I am not sure if one or both are shoot-through, or is the LCC meant to be reflective? I believe you are supposed to shoot a flat white surface for the Sinar white shading files, but I imagine it would work with an evenly lit opaque filter as well...

Ideally it would be able to make white shading files, and then function as a white balance tool in the field...
 

thomas

New member
Ideally it would be able to make white shading files, and then function as a white balance tool in the field...
as for white balance I'd assume it's not a big difference. regarding white shading I see the lenses on the front of the expo-disk critical (though there is a matte screen behind them). Too, some vignetting could be introduced. Just my thoughts... never tried the expo disk.
The LCC plate works very well (yes, shoot through). However I often use a grey card reflecting the light in the scene as well for WB.
 
E

ericstaud

Guest
Hello, I was wondering if you guys had any experience here. I am looking for something to use for white balance and creating white shading files for my Sinar back. I am curious if anyone knows which would work better, an expodisc or an LCC like Capture Integration sells?

I am not sure if one or both are shoot-through, or is the LCC meant to be reflective? I believe you are supposed to shoot a flat white surface for the Sinar white shading files, but I imagine it would work with an evenly lit opaque filter as well...

Ideally it would be able to make white shading files, and then function as a white balance tool in the field...
Both the white plexi and the Expodisc work fine for Shading/LCC and also for white balance. The Expodisc can give some vignetting if not big enough. The Capture integration version is the way to go for price. Before that one was available I bought the Expodisc because it had a strap I could hang from my neck or the tripod. The plex that comes with Phase one cameras is about 5"x7" and I didn't want to cut it down or drill a hole to put my own strap on it.


These things work great for white balance, but you have to turn the camera to the light source.
 

etrump

Well-known member
I use the small LCC card that CI sells. I tested several scenes using both LCC and Expo and they were usually within 50 degrees of each other.

Like Thomas, I find shooting a gray card in the scene for WB reference is more accurate in scenes that have a lot of the same color. Shooting the LCC card gives you an average of the reflected light of the scene while the gray card gives you the temp of the ambient light. Having both takes an extra image but sometimes one is better than the other.
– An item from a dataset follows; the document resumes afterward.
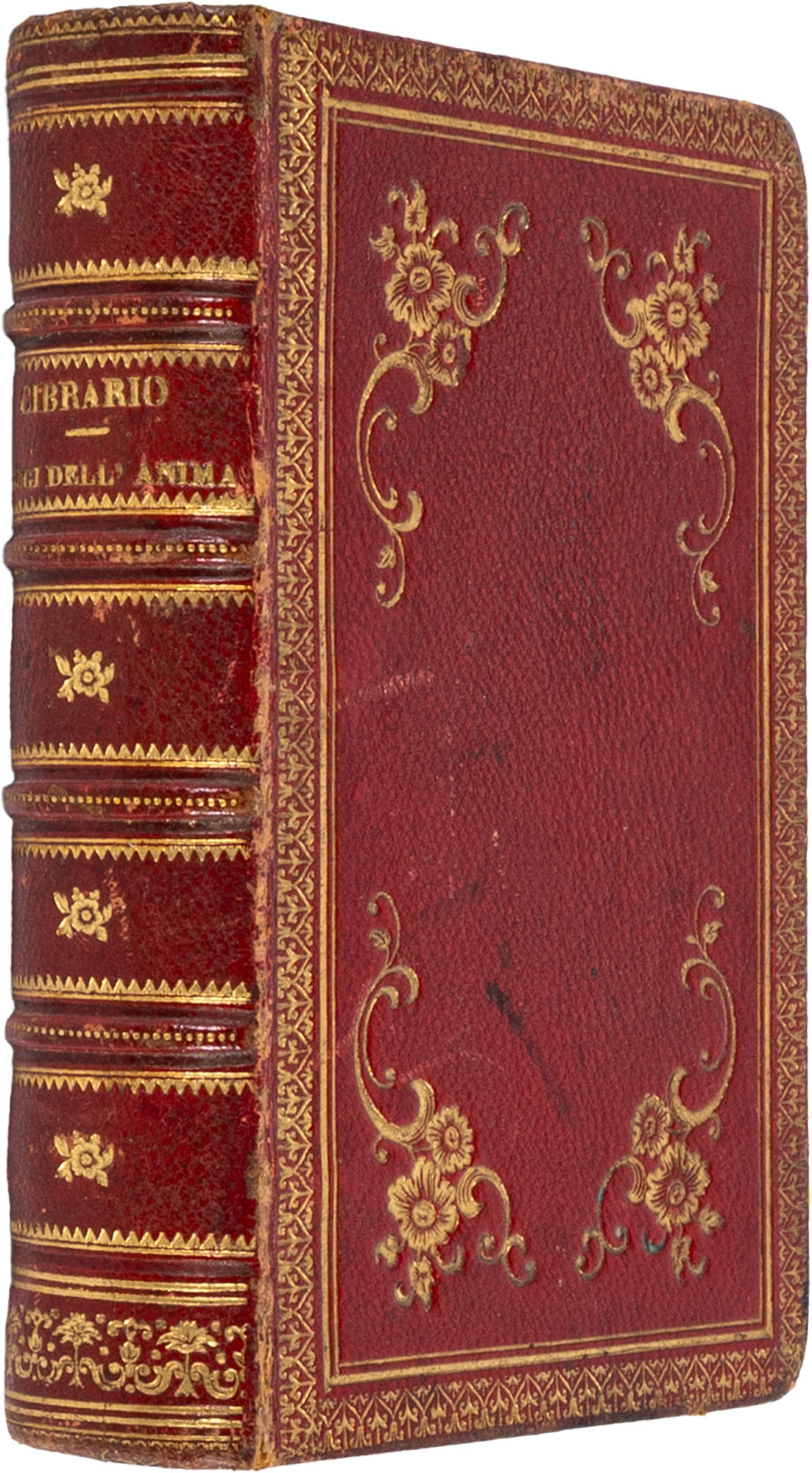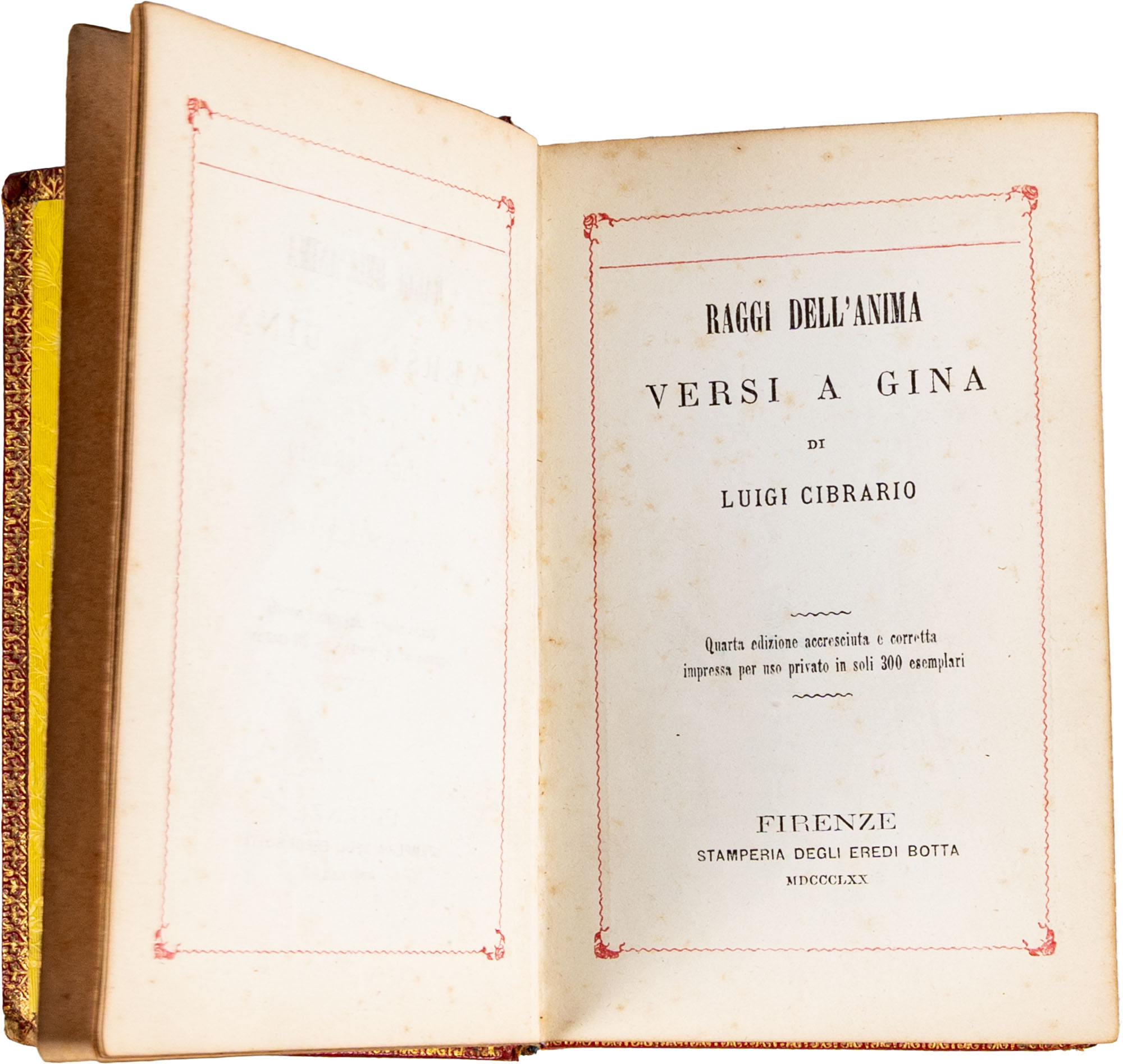 CIBRARIO LUIGI - RAGGI DELL'ANIMA. VERSI A GINAFirenze, STAMPERIA DEGLI EREDI BOTTA, 1870Legatura in piena pelle coeva con bei fregi e decorazioni in oro ai piatti, titolo e decorazioni oro al dorso (a cordoni), tagli dorati, risguardi in bella carta goffrata, pp. 281In-24 gr. (mm. 130 x 81)Esemplare in buono stato di conservazione

For instance, this image had so much green it threw off the LCC calibration. The temp was right but the green/megenta slider was removing too much green so the water had a slight megenta cast. I shot a gray card and the color cast was much closer.

 

Bob

Administrator
Staff member
the lcc plate works very well for lcc, but white balance is better with a card designed to te purpose, The problem is that if you are in an area of filtered daylight, you might not want that as your white balance eference. For most landscapes, just set the back to daylight or cloudy as appropriate, then just tweak a bit to taste. This is better than a cast that might be caused by filtered light on your white balance card.
-bob
 

Stuart Richardson

Active member
Thanks Bob -- but my back has strange white balance issues -- just setting it to daylight or cloudy does not really work. This is why I am looking into another solution.

I need to do LCC anyway, so the card is probably a good bet. I have a regular grey card I will try for white balance....I just never remember to bring it in the field.

Ed, Eric and Thomas -- do any of you have the measurements on the pocket LCC plate? I am just curious because come of the Rollei lenses are quite big -- the 180mm and 110mm are 93mm filters...they are less in need of calibration though I guess...
 

bdp

Member
For lens casts you should be using the proper Sinar part or similar:



Part number 551.43.098. Its a two-layer plexi sheet 100mm x 100mm. Then correct with the shading mode in eXposure after you import you pics.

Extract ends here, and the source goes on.